こうやって並べてみて改めて気づくのは、80年代は1回も泣いていないということだ。我ながら強い青年期であったようだ。それでも人生トータルでは映画館で観た映画の1%以上で涙を流している。

HPのほうの記事にも書いたことだが、「泣いた映画=良い映画」ではない。世の中にはそういう基準で映画の出来を測っている人もいるが、僕の場合は全く当てはまらない。

他人が泣きそうもない映画や泣きそうもないシーンで泣きそうになったり泣いたりしたことも少なくない。

きっかけがあれば人は泣けるのである。

それは映画の中の1シーンかもしれない。たった一言の台詞かもしれない。あるいは終盤のストーリーの行方かもしれない。だが、それはあくまできっかけに過ぎない。本当に人を泣かせる要素は映画の中にだけあるのではなく、むしろ自分の中にある場合が多いのではないだろうか? 僕はそんな風に思う。

そして、その要素が自分の内部のものであればあるほど、泣くことによって自分が浄化されるような気がする。とても不思議だ。

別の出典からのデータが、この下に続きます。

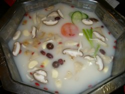 大热天吃火锅!哈哈!这家火锅店在虹口足球场,所以交通还是蛮方便的。他们家的特色锅底有骨头锅,酸菜鱼,老鸭锅,都是58块一个小锅,个人比较喜欢骨头锅,一个小锅,有4跟骨头。从图片可以看到,锅底的料还是很多的,豆腐皮,玉米,笋尖什么的,两个人,一个骨头锅绝对要饱的!这家店生意很好,所以服务人虽然态度很好,但也有时会无暇顾及你。所以,耐心点吧。另外,他们家的包厢特色是:每个包厢口都有一个电风扇对着吹!哈哈,可能是当时设计不好吧,包厢里的空调不是很足,所以不推荐坐包厢!查看更多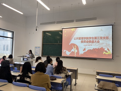 首先,由原支部书记李存同志代表上一届支部委员会对上一任期内学生第三党支部的工作情况作了工作总结。随后,支部委员会换届大会严格按照《中国共产党章程》和《中国共产党基层组织选举工作暂行条例》的有关规定进行大会议程。在支部委员会充分酝酿提名的基础上,经过民主推荐程序产生初步人选,考察无异议后报学院党委批复同意,根据大会选举办法和无记名投票结果,确立李存同志为学生第三党支部新一届支部书记,沈文秋同志为副书记,陈淑琳同志、于梦菲同志和刘媛媛同志为新一届支部委员。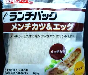 今回のランチパックは、2010年9月に発売された メンチカツ&エッグ です。ランチパックのお惣菜シリーズで、メンチカツもエッグもすでにおなじみの具材です。メンチカツの味は、すでに味覚中枢にインプット済み。エッグは、なんとなく覚えているような・・・いないような?でも想像はつきます。その2つが一緒にランチパックに入りました。さてどんな味なのか、食べてみることにしましょう。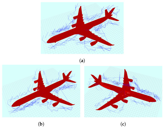 - Aircraft ModelA 3D reconstructed model of an aircraft was generated in this experiment by exploring the bounded box of the structure. A dense point cloud map was generated using the data collected at the selected viewpoints along the generated exploration path in simulation.Figure 8 presents the achieved coverage and the path generated to cover the aircraft model. Table 2 illustrates the results obtained by our proposed method when compared to other two approaches in terms of coverage, distance, and entropy reduction. As shown in the table, the density and resolution of the reconstructed model is low () since the profiling was performed at the edges of the bounded workspace from a long distance. The overall achieved coverage approaches high percentages () and improves the model density when our proposed Guided NBV method was used. Since the aircraft model is symmetric, the utility function weights were selected to achieve high density and utilize the existing prediction measures. Using the proposed utility function with the selected weights, as shown in Table 1, facilitated the capturing of more data by allowing the UAV to travel around the structure more efficiently. The plot shown in Figure 9 illustrates the average density attribute along the iterations for each of the used utility functions. As shown in the plot, the proposed utility function achieves higher density values per voxel in each iteration than the other two approaches. The plot is non-monotonic since the average density was computed based on the size of point cloud and the number of occupied voxels in the octree. At complex curved areas, some voxels hold few points compared to other voxels, which creates the difference in the average density. The details of the structure were captured with high coverage density when evaluated with voxels of resolution 0.05 m. However, this achieved improvement in coverage comes at a cost which is an increase in the traveled distance.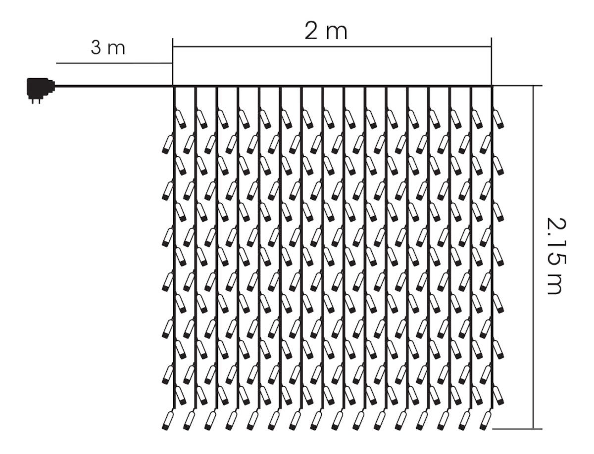 • 2 m utbyggbar lysgardin med 16 slynger - få ønsket lengde.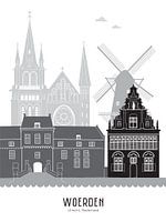 Woerden: dan denkt Mevrouw Emmer aan het kasteel, het oude Stadhuis, Sint-Bonaventurakerk en de molen De Windhond...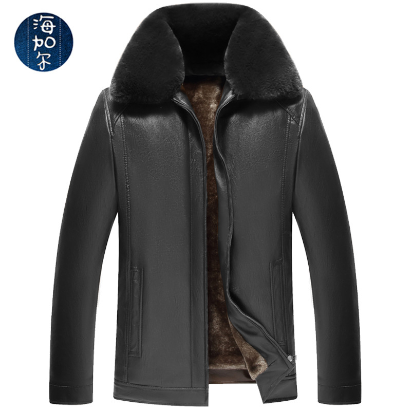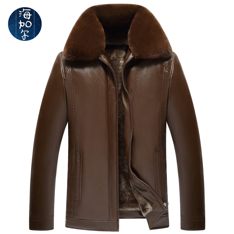 위성 TV 공간 벨벳 같은 스타일 중년 및 노인 따뜻한 가죽 자켓 남성용 옷깃 모피 칼라 이동식 기모 두꺼운 가죽 자켓
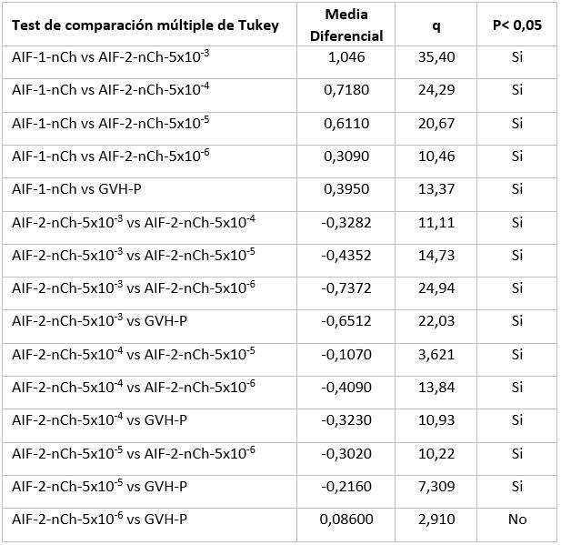 La formulación supresora, AIF2nCh, la probamos usando cuatro dosis distintas con un factor exponencial de dilución de una a otra. Con la dosis de 50 microgramos se alcanzó el mayor efecto de supresión de la EICH con un IB=1.1, y una diferencia significativa con el control no tratado o placebo, p=0.0002. Las siguientes dos dosis ensayadas (5 microgramos y 500 nanogramos) también suprimieron la EICH de manera dosis dependiente con IB=1,41 y 1,49, y con significación estadística, respectivamente; p=0,0002 y p=0.0003. La dosis más baja, 50ng, provocó un fenómeno contrario al esperado al provocar un aumento del IB=1,82, aumento visible y consistente, con respecto al grupo control placebo, pero no fue estadísticamente significativo, p>= 0,05.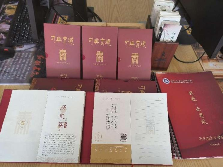 “秦马小匠”红色文创设计从2020年首届征集至今,已经累计收到300余份作品和设计稿,已经形成16个系列4000余份红色文创产品。以《习典言道》台历的设计为例,学生选取《习近平用典》中关于修身、历史、辩证、任贤、创新、廉政六篇53处用典内容,学生通过朗读录音、二维码分享的形式实现文字与音频的内容结合。打开台历,每周不仅可以学习习近平用典的释义与出处,更能通过微信“扫一扫”直接听到学生的有声朗读。让自己设计的台历、朗读的声音展示出来,不仅鼓励了学生再次投入创作,也形成了“设计有引导-制作有指导-产品有鼓励”的教育闭环。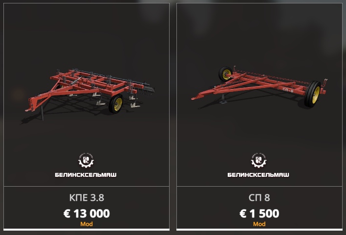 SP 8 is intended for the compilation of a wide-scale unit of two KPI 3.8 cultivators. Required power 75 hp, working width 3.9 m., The price of 13,000 euros. Credits: RusAgroTeh. FS 19 scholl |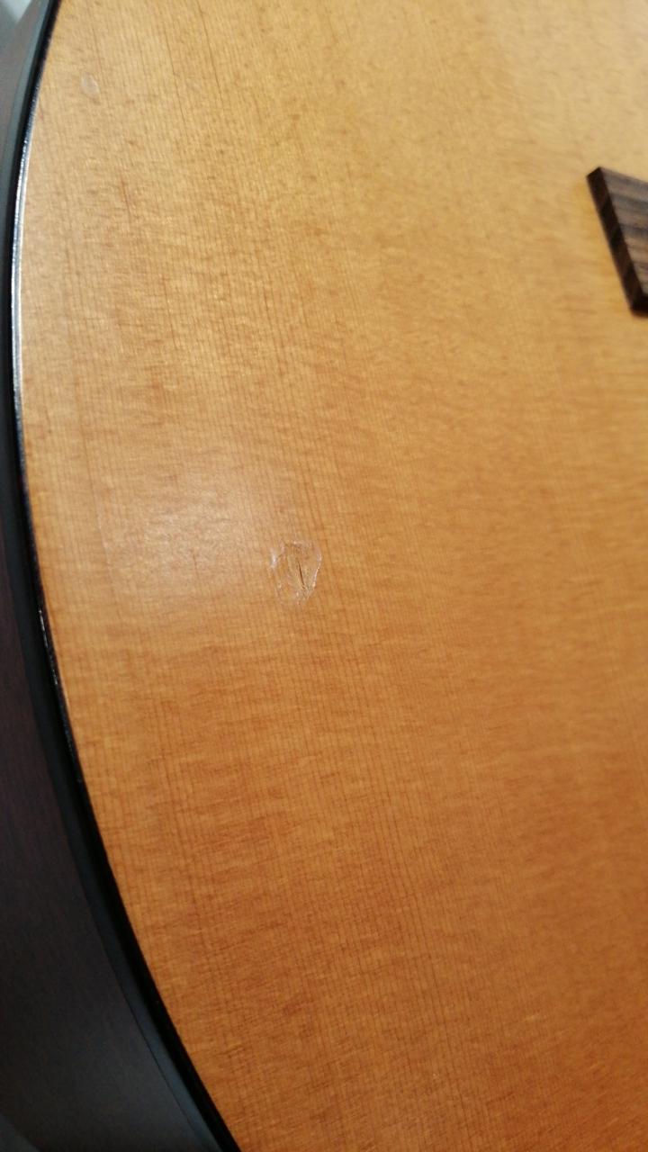 ボディトップ右手でちょうど隠れるあたりに打痕と、僅かですがヒビがあります。現状サドル高めなので、調整してお好み高さにして頂くと良いかと思います。 |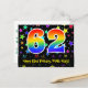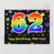 62nd Birthday: Fun Stars Pattern, Rainbow 62, Name Postcard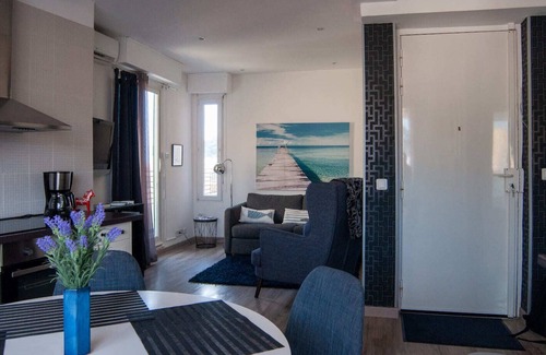 Sunny balcony with a view of the hills of Nice 1 bedroom, kitchen/living room is located in Riquier. Sunny balcony with a view of the hills of Nice 1 bedroom, kitchen/living room provides accommodation, featuring TV, Wheelchair Accessible, Balcony/Terrace, among other amenities. This Apartment features TV, Wheelchair Accessible, Balcony/Terrace, to make your stay a comfortable one.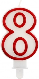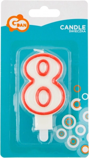 Ta biała świeczka z wyraźnym czerwonym obrysem to idealna ozdoba tortów urodzinowych i innych uroczystych okazji. Podkreśla liczbę lat i nadaje całej aranżacji elegancki, czysty wygląd.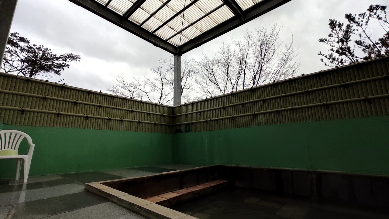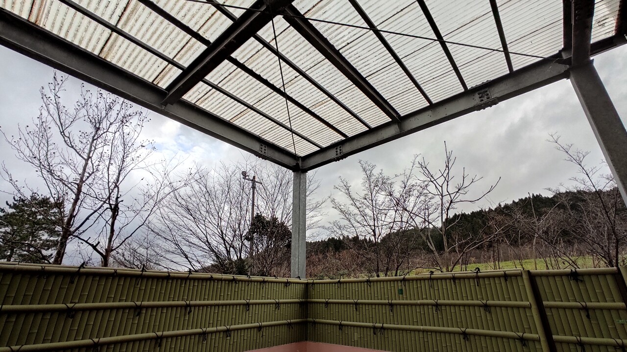 上を見上げると天井はありますが 横から外が眺められ 夜になると夜空の星々を観ながらの温泉も乙であります

世の中には、本であれ映画であれ、ともかく泣けるものばかりを好む人がいるが、僕には全く当てはまらない。

他人が泣くはずのない映画や泣くはずのないシーンで不意に流れ出した涙の温かさで僕は何かに気づくのである。その何かが何なのかは明確には言えないのだが、もしかしたらそれは他ならぬ「自分」に気づくということなのかもしれない。